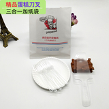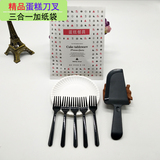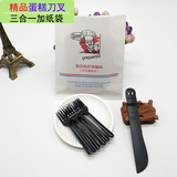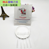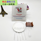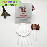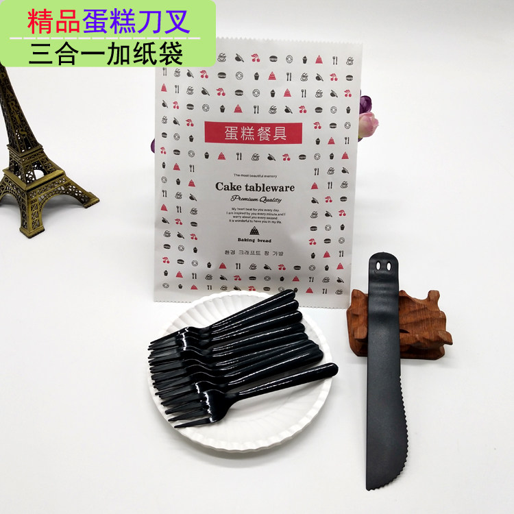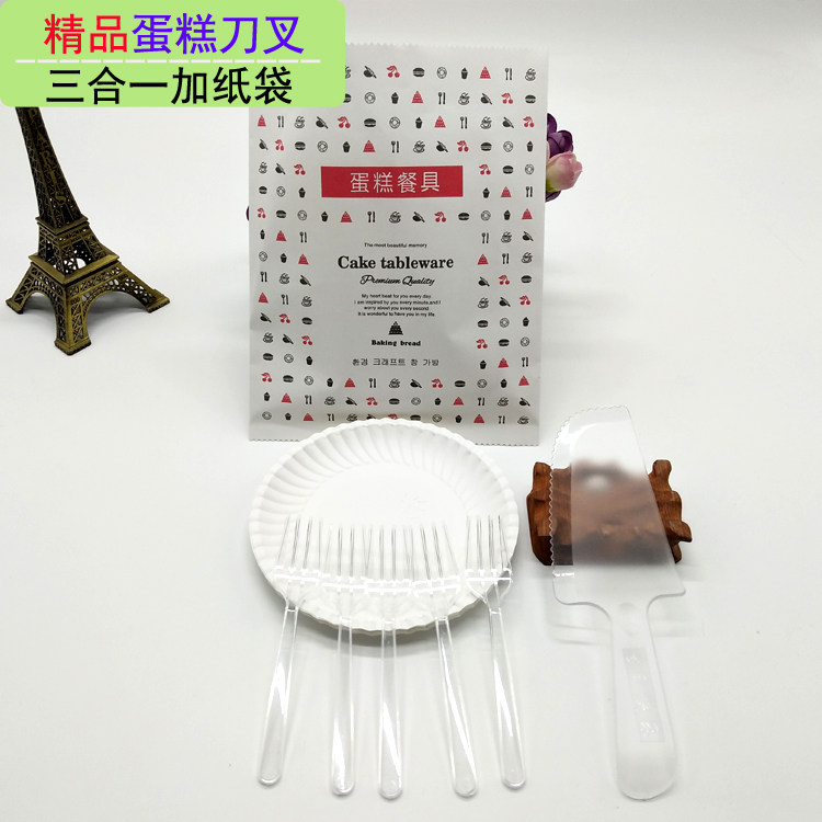 Еда -Пластиковый пирог, набор пластикового пирога, ножа и вилки одноразового дня на день рождения, посуда комбинация круглого диска бумажного пакета с высоким диском
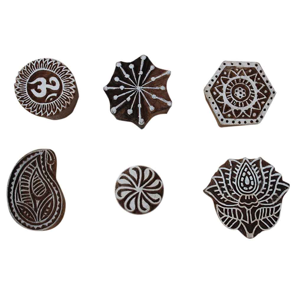 Set of 6 Piece New Mix Wooden Printing Block. Ideal for Using on Fabric, Paper, Canvas, etc. These Blocks can be use to Print with Oil Colors, Fabric Colors, Water Colors, Acrylic Colors and Vegetable Colors.
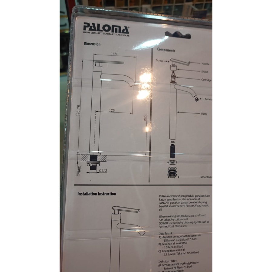 PALOMA FCP 9683 KERAN WASTAFEL CUCI TANGAN KRAN AIR DINGIN MATTE BLACK KRAN MEJA TANAM
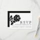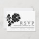 Schwarz-Weiß Rosa moderne Hochzeit RSVP Antwortkarte. Dieses zeitgenössische Design zeigt eine Vintage schwarze Rose und Ihre Formulierung auf weißem Hintergrund.
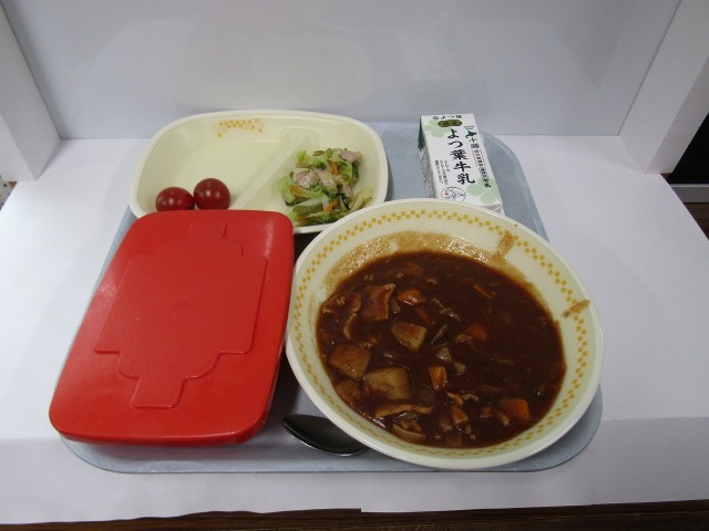 今日の給食は、ご飯、ハヤシライス、茎わかめサラダ、ミニトマトです。
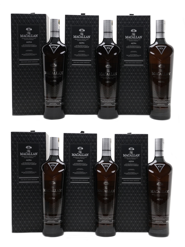 A case of six bottles of The Macallan Aera Highland Single Malt Scotch Whisky. These were matured in sherry-seasoned casks and bottled for the Taiwanese market.
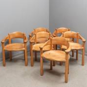 Zes blank naaldhouten armstoelen, ontwerp Rainer Daumiller, uitvoering Hirtshals Savværk, Denemarken, jaren '70 -zitting van één stoel gelijmd, andere stoel met speling, alle met gebruikssporen-, 75 × 60 × 46 cm

---

Using the records above, output their complete text exactly, minus any images.

 Еда -Пластиковый пирог, набор пластикового пирога, ножа и вилки одноразового дня на день рождения, посуда комбинация круглого диска бумажного пакета с высоким диском
 Set of 6 Piece New Mix Wooden Printing Block. Ideal for Using on Fabric, Paper, Canvas, etc. These Blocks can be use to Print with Oil Colors, Fabric Colors, Water Colors, Acrylic Colors and Vegetable Colors.
 PALOMA FCP 9683 KERAN WASTAFEL CUCI TANGAN KRAN AIR DINGIN MATTE BLACK KRAN MEJA TANAM
 Schwarz-Weiß Rosa moderne Hochzeit RSVP Antwortkarte. Dieses zeitgenössische Design zeigt eine Vintage schwarze Rose und Ihre Formulierung auf weißem Hintergrund.
 今日の給食は、ご飯、ハヤシライス、茎わかめサラダ、ミニトマトです。
 A case of six bottles of The Macallan Aera Highland Single Malt Scotch Whisky. These were matured in sherry-seasoned casks and bottled for the Taiwanese market.
 Zes blank naaldhouten armstoelen, ontwerp Rainer Daumiller, uitvoering Hirtshals Savværk, Denemarken, jaren '70 -zitting van één stoel gelijmd, andere stoel met speling, alle met gebruikssporen-, 75 × 60 × 46 cm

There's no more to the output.